Starting at the line that contains "이날 공청회에서는 보건복지부", write out every line through the end of the records below exactly as it appears, and leave out all pictures.

[Exercise materials Boundary: Start]

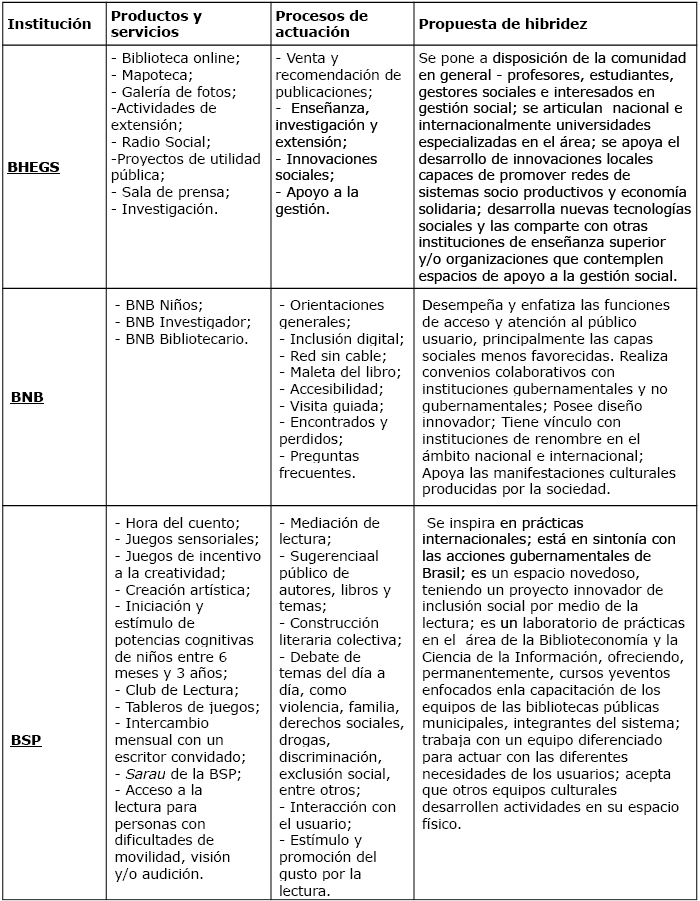 En la tabla 1 se representan los datos analizados en las bibliotecas híbridas brasileñas estudiadas, de acuerdo con los productos y servicios ofrecidos, los procesos de actuación de cada unidad con su comunidad y la propuesta de hibridez de cada institución.
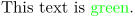 This text is \color[green]{green}.
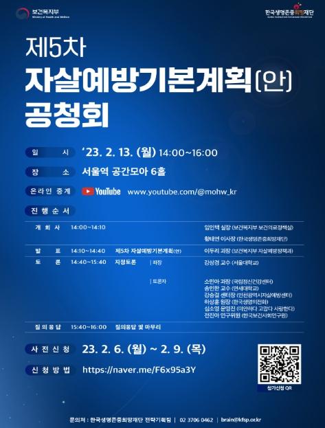 이날 공청회에서는 보건복지부 이두리 자살예방정책과장의 제5차 자살예방기본계획(’23~’27)(안) 발표를 시작으로,
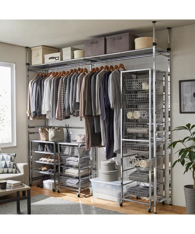 クロームメッキとシルバーメタリック仕上げのクローゼットハンガーシリーズ。縦にも横にも伸縮するクローゼットハンガーに加え、チェストとラックも組み合わせれば小物類の収納も可能!空きを残さず、空間を有効活用できます。奥行きがスリムでウォークインクローゼットや納戸にも設置できます!!
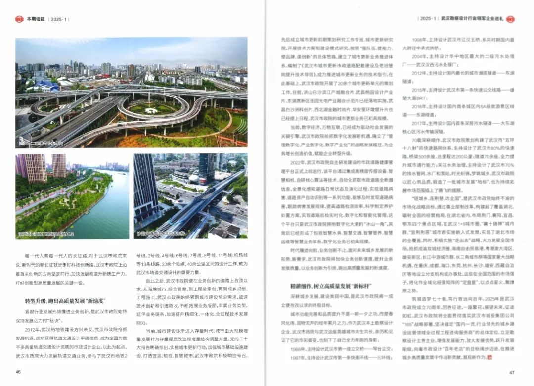 ? ? 近日,行業(yè)權(quán)威期刊《中國勘察設(shè)計》聚焦武漢勘察設(shè)計行業(yè),對領(lǐng)軍企業(yè)進(jìn)行了專題報道。其中,武漢市政工程設(shè)計研究院有限責(zé)任公司(以下簡稱“武漢市政院”)以“聚焦能力建設(shè),深化改革轉(zhuǎn)型,加快構(gòu)建創(chuàng)新型高質(zhì)量發(fā)展新格局”為主題,分享了其在新時代背景下的創(chuàng)新實踐和發(fā)展成果,展示了企業(yè)在高質(zhì)量發(fā)展道路上勇毅前行的風(fēng)采和活力,引發(fā)了行業(yè)廣泛關(guān)注。

[Exercise materials Boundary: End]

[Reply to the exercise]:
 이날 공청회에서는 보건복지부 이두리 자살예방정책과장의 제5차 자살예방기본계획(’23~’27)(안) 발표를 시작으로,
 クロームメッキとシルバーメタリック仕上げのクローゼットハンガーシリーズ。縦にも横にも伸縮するクローゼットハンガーに加え、チェストとラックも組み合わせれば小物類の収納も可能!空きを残さず、空間を有効活用できます。奥行きがスリムでウォークインクローゼットや納戸にも設置できます!!
 ? ? 近日,行業(yè)權(quán)威期刊《中國勘察設(shè)計》聚焦武漢勘察設(shè)計行業(yè),對領(lǐng)軍企業(yè)進(jìn)行了專題報道。其中,武漢市政工程設(shè)計研究院有限責(zé)任公司(以下簡稱“武漢市政院”)以“聚焦能力建設(shè),深化改革轉(zhuǎn)型,加快構(gòu)建創(chuàng)新型高質(zhì)量發(fā)展新格局”為主題,分享了其在新時代背景下的創(chuàng)新實踐和發(fā)展成果,展示了企業(yè)在高質(zhì)量發(fā)展道路上勇毅前行的風(fēng)采和活力,引發(fā)了行業(yè)廣泛關(guān)注。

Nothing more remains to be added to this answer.